Exposition Spaceland avec Emmanuel Van der Meulen et Fanette Mellier

 

 

 

 




 

 


 

 

 

Du 7 au 29 décembre
Studio Fotokino
33 allées Gambetta, Marseille

Vernissage samedi 7 décembre à 11h

De mars à décembre 2013, Fotokino accueille dans son Studio un cycle de dix expositions. Dernier volet de cette programmation exceptionnelle, le regard dans la Lune, avec une exposition mêlant graphisme et peinture.

D’abord, partons d’un lieu bien défini : la Villa Medicis, à Rome. Entre avril 2012 et mars 2013, Fanette Mellier, graphiste, en est pensionnaire.
Elle y développe une recherche mettant en relation l’objet imprimé et la représentation du cosmos à partir, notamment, de l’Astronomicon, poème écrit par Marcus Manilius, astronome et astrologue de la Rome antique. Durant l’année, elle collabore avec Emmanuel Van der Meulen, peintre également pensionnaire de la Villa, autour de Cosmica Sidera, un projet commun qui trouve au Studio son prolongement.

Ensuite, plongeons-nous dans le vide : Spaceland. Un lieu infini – l’espace, le ciel –, habité tantôt par la lumière, tantôt par l’obscurité, mais qui toujours scintille des mille lucioles qui parviennent jusqu’à notre regard. Un lieu irrémédiablement mystérieux dans lequel nous flottons, légèrement anxieux. Un parfait terrain de jeu pour l’imagination et le rêve. Ce Spaceland est le point de départ de l’exposition, il réunit les langages plastiques de Fanette Mellier et Emmanuel Van der Meulen autour de sujets tout d’abord poétiques : l’infini, le temps, le vide, la nuit… Mais cet espace indéfini engage également leur démarche respective dans une réflexion liée à leurs outils de travail, la toile, le papier, les pigments.

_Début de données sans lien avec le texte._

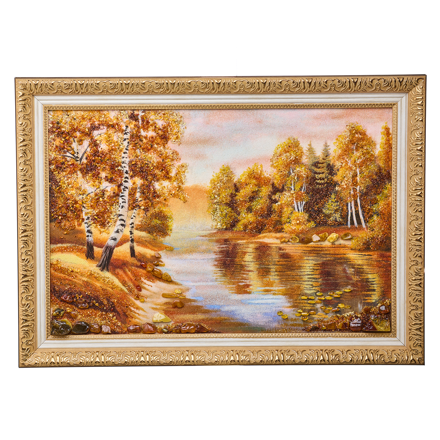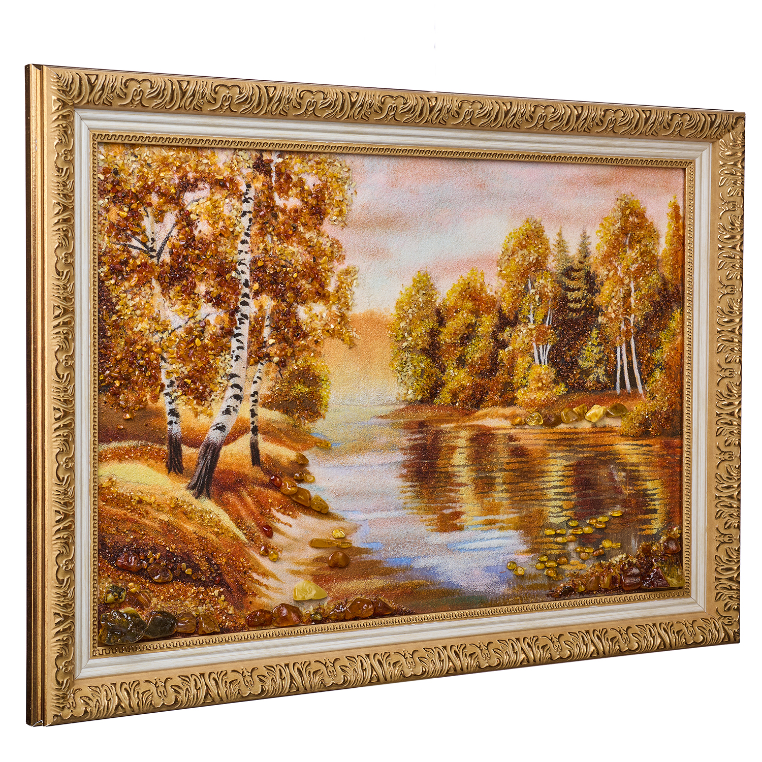 Русские подарки и сувениры → Интерьерные изделия → Картины → Картина янтарная "Березка у реки" 60х40 см
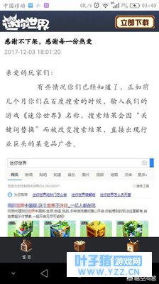这个口号是不是似曾相识?没错 迷你的口号是抄袭TX的 连口号都不走心更不用说游戏了 用脚在抄袭 而官网里的一篇文章绝对会让众多MC粉感到气愤
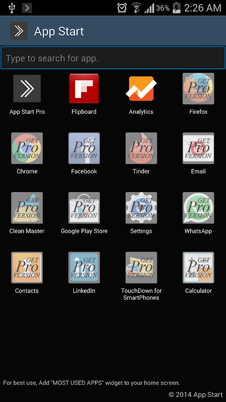 App Start will help you to reach your most used apps with a single touch using the notification bar or "MOST USED APPS" widget.
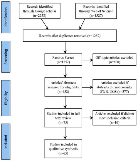 Of the total number of publications surveyed, 2558 references were from Google Scholar and 1527 references from Web of Science. Approximately two-thirds of the literature was removed because it depended heavily on the relationship between the variables (e.g., insufficient information). After excluding these studies, 452 articles were left to be read in detail. Next, conceptual studies or studies without a relevant empirical component were excluded to obtain more evidence with empirical support. Finally, 65 articles were included in the literature review analysis for thematic analysis. Most of these articles were from English language journals, with five being in Chinese. More information about these studies is detailed in Figure 1.
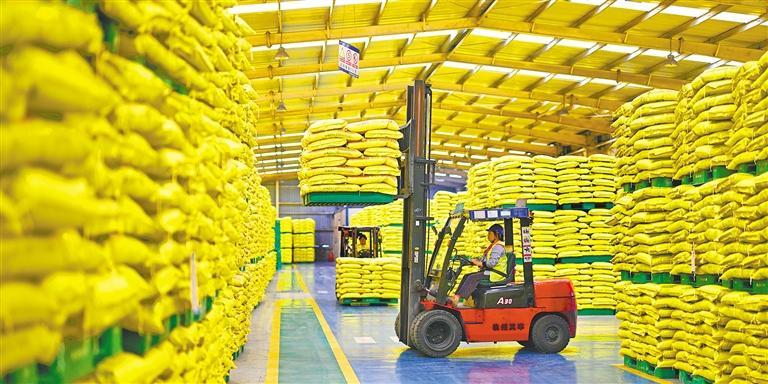 6月5日,湖北省宜都市兴发集团磷复肥生产车间,员工驾驶着叉车来回穿梭,将一袋袋磷复肥产品装车销往河南、甘肃等地区。
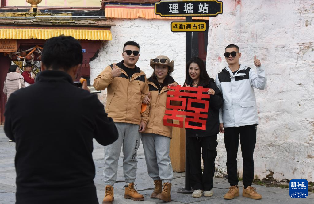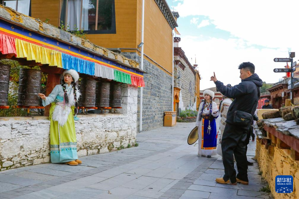 10月10日,游客在理塘縣勒通古鎮(zhèn)拍藏族風情寫真。
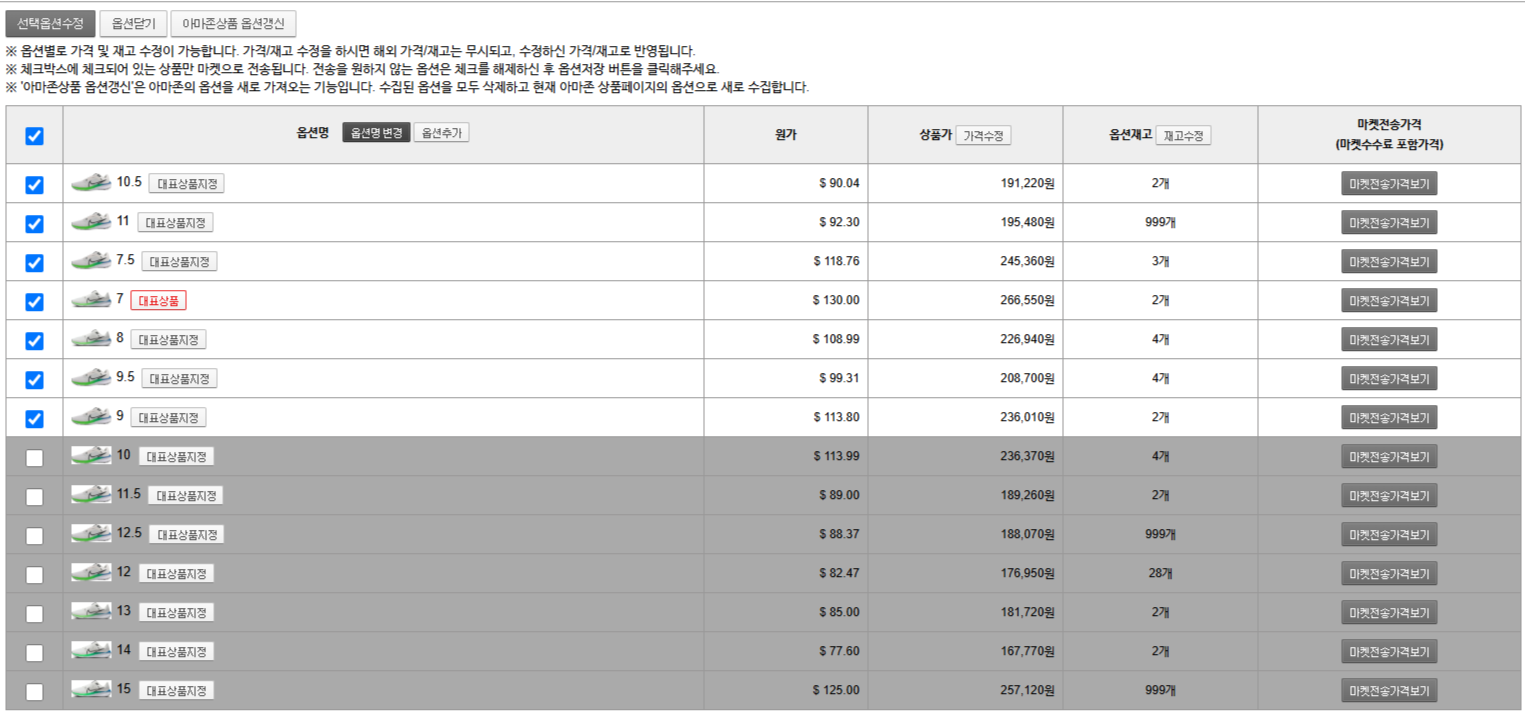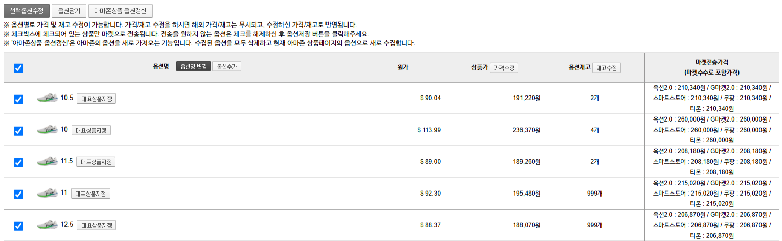 - 체크 해제 된 옵션을 다시 선택 후 수정(저장)하시면 해당 옵션은 활성화되어 마켓으로 전송이 가능합니다.
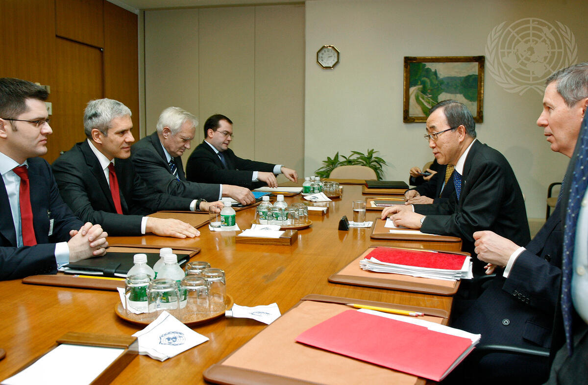 Secretary-General Ban Ki-moon (second from right, right side of table) holds talks with Boris Tadic (second from left, left side of table), President of the Republic of Serbia, prior to an emergency Security Council meeting on Kosovo.
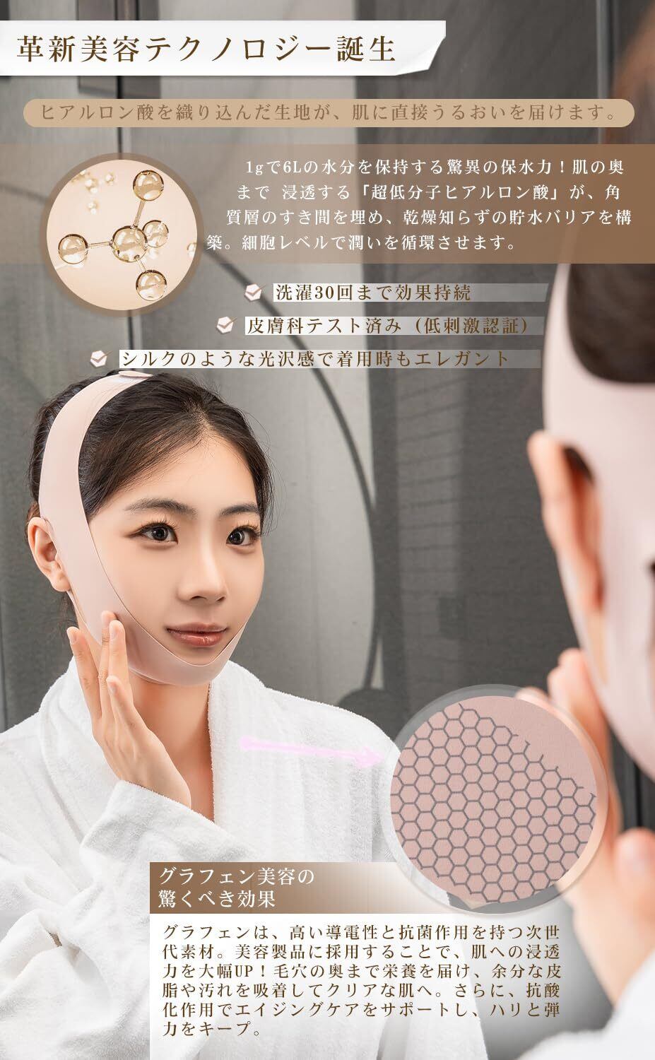 【新機能追加!】グラフェンメッシュ+ヒアルロン酸配合で究極のフェイスベルトに進化!肌深部の血行を促進し、リフトアップを加速!独自開発のメッシュ生地がじんわり温熱効果を発揮し、代謝アップをダブルサポート。さらにヒアルロン酸を練り込んだ繊維が24時間保湿キープ、引き締めながら潤い肌を実現。
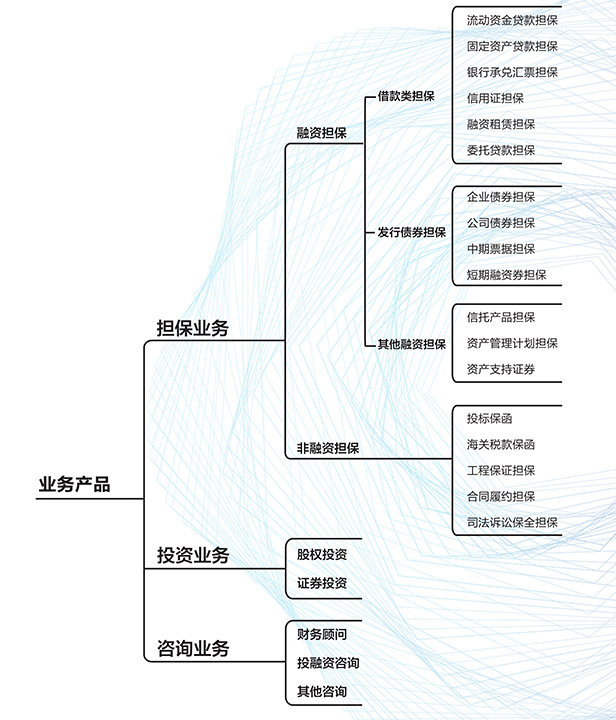 流动资金贷款担保、固定资产贷款担保、银行承兑汇票担保、信用证担保、融资租赁担保、委托贷款担保等。
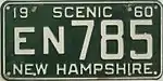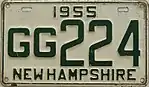 1955 | Embossed forest green serial on white plate with border line; "NEW HAMPSHIRE" at bottom; "1955" centered at top | none | AB123 | County-coded | |

Quelle est la surface du ciel, sa matière ? Sa lumière, ses couleurs, sa profondeur, sa transparence ? Et au-delà de toute volonté de représentation, l’exposition peut se transformer en pure expérience sensible et visuelle pour le visiteur, confronté à des supports jouant des oppositions et des complémentarités formelles (le rectangle de l’affiche ou de la toile et le cercle), matérielles (l’encre, la peinture) et chromatiques. Le cosmos devient alors le lieu d’un dialogue entre les moyens techniques du graphisme et de la peinture, et l’immatérialité de la perception du regardeur.